Importing Messy Excel Data
Although your data may be in a spreadsheet or CSV file, it may not be
in an ideal format. See this registration list:
Here we see a bunch of stuff before the data, the column “names” are
unwieldy, there are several extra columns we don’t need, missing values,
etc.
You can tackle many of these issues when you import the data. First,
we construct the file name and verify it exists:
reg_list_fn = "./data/SurveyResults_36100.xlsx"
file.exists(reg_list_fn)
[1] TRUE
To import Excel files, we’ll go to read_xlsx()
from the
readxl package. This function has a lot of options, so it’s
worth reading the help page:
library(readxl)
reg_list_tbl = read_xlsx(path = reg_list_fn,
sheet = "Survey Output",
skip = 3,
col_names = c("user", "reg_date", "fname", "lname",
"email", "title", "org",
"cosponsor", "allergies"),
col_types = c("text", "text", "text", "text", "text", "text",
"numeric", "text", "text"))
reg_list_tbl
Likewise, the readr
package provides super-charged functions for importing and exporting
rectangular data in text formats.
Take Home Messags
dplyr
methods
library(dplyr)
We begin by looking at the Palmer Penguins data:
library(palmerpenguins)
head(penguins)
dplyr provides glimpse()
which is an alternative way
preview a tibble:
glimpse(penguins)
Rows: 344
Columns: 8
$ species <fct> Adelie, Adelie, Adelie, Adelie, Adelie, Adelie, Adelie, Adelie, Adelie, Adelie, Adelie, Adelie, Adelie,…
$ island <fct> Torgersen, Torgersen, Torgersen, Torgersen, Torgersen, Torgersen, Torgersen, Torgersen, Torgersen, Torg…
$ bill_length_mm <dbl> 39.1, 39.5, 40.3, NA, 36.7, 39.3, 38.9, 39.2, 34.1, 42.0, 37.8, 37.8, 41.1, 38.6, 34.6, 36.6, 38.7, 42.…

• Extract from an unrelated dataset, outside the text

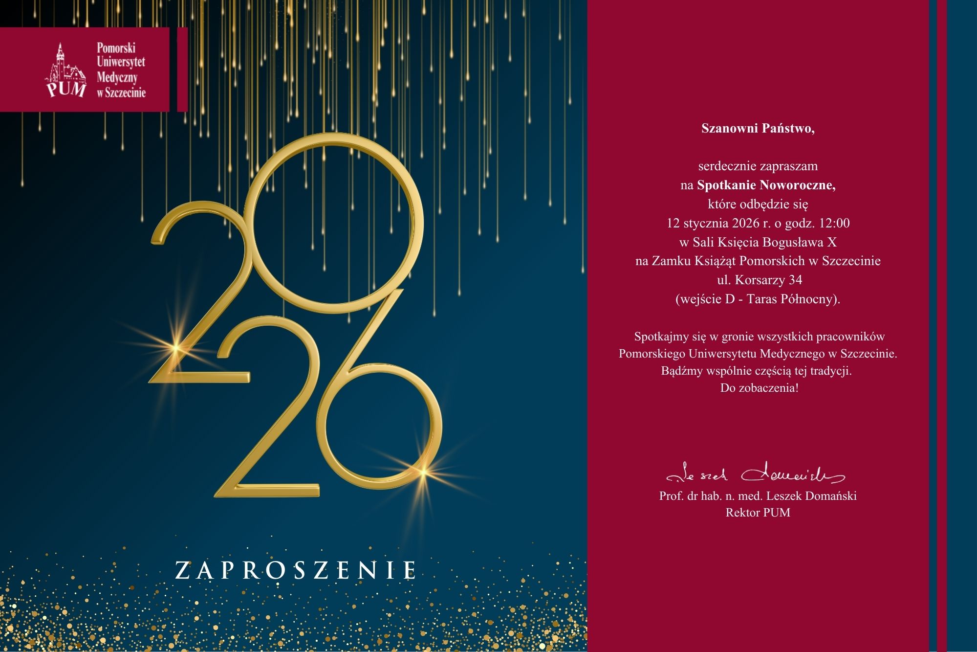 Rektor Pomorskiego Uniwersytetu Medycznego w Szczecinie, prof. dr hab. n. med. Leszek Domański, serdecznie zaprasza wszystkich pracowników Uczelni na Spotkanie Noworoczne, które odbędzie się 12 stycznia 2026 r. o godz. 12:00 w Sali Księcia Bogusława X na Zamku Książąt Pomorskich w Szczecinie.

$ bill_depth_mm <dbl> 18.7, 17.4, 18.0, NA, 19.3, 20.6, 17.8, 19.6, 18.1, 20.2, 17.1, 17.3, 17.6, 21.2, 21.1, 17.8, 19.0, 20.…
$ flipper_length_mm <int> 181, 186, 195, NA, 193, 190, 181, 195, 193, 190, 186, 180, 182, 191, 198, 185, 195, 197, 184, 194, 174,…

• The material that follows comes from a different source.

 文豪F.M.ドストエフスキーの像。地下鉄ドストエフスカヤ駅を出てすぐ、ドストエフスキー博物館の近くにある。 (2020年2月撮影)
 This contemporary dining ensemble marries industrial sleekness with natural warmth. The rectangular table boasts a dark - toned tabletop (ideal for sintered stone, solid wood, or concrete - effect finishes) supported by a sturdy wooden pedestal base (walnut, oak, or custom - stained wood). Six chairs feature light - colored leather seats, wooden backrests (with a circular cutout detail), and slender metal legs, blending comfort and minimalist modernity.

$ body_mass_g <int> 3750, 3800, 3250, NA, 3450, 3650, 3625, 4675, 3475, 4250, 3300, 3700, 3200, 3800, 4400, 3700, 3450, 450…
$ sex <fct> male, female, female, NA, female, male, female, male, NA, NA, NA, NA, female, male, male, female, femal…

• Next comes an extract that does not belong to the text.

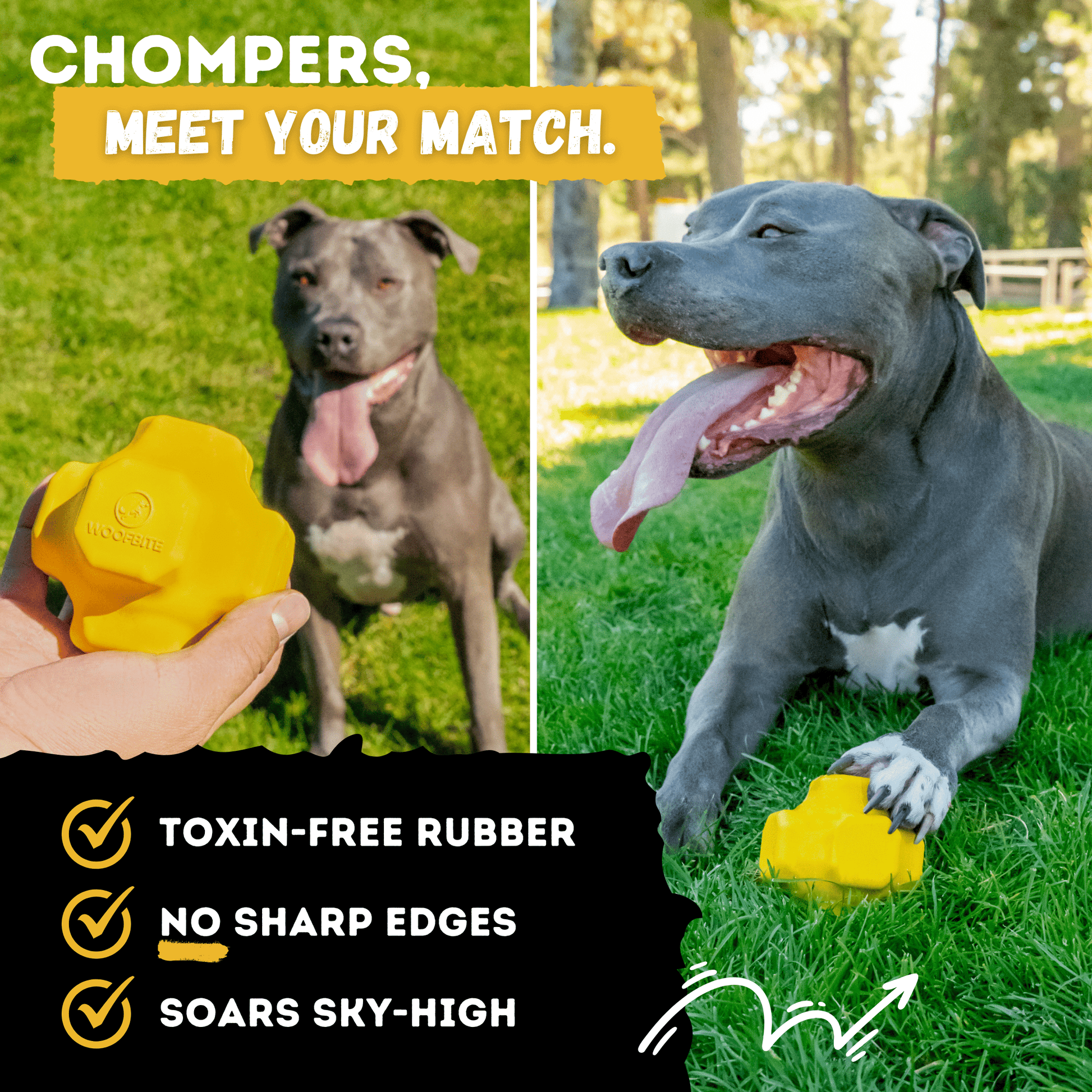 • Loved by Big Dogs - YELLOW (HIGHLY VISIBLE COLOR FOR DOGS) - The unique, engaging natural rubber & bright yellow color make WOOFBITE toys irresistible to dogs, ensuring they are obsessed from the moment you unbox it.

$ year <int> 2007, 2007, 2007, 2007, 2007, 2007, 2007, 2007, 2007, 2007, 2007, 2007, 2007, 2007, 2007, 2007, 2007, 2…
Subset Columns
Suppose we want to compare how bill length and flipper length look
for each species. We could start by selecting just those columns:
library(dplyr)
penguins %>%
select(species, bill_length_mm, flipper_length_mm) %>%
head()
You can also rename columns with
select()
(dplyr also has a rename()
function):
penguins %>%
select(species, bill = bill_length_mm, flipper = flipper_length_mm) %>%
head()
If you want to extract the values from a single column and get the
results back as a vector, use pull()
(similar to the
$
operator):
penguins %>% pull(species) %>% table()
.
Adelie Chinstrap Gentoo
152 68 124
Adding/Modifying Columns
To add a column, we can use mutate()
.
Let’s create a new column with the ratio of the bill to flipper
length:
peng_billflip_tbl <- penguins %>%
select(species, bill_length_mm, flipper_length_mm) %>%
mutate(bill_flip_ratio = bill_length_mm / flipper_length_mm)
head(peng_billflip_tbl)
mutate()
can also be used to modify existing columns,
for example we could round bill_flip_ratio to 3 decimal places.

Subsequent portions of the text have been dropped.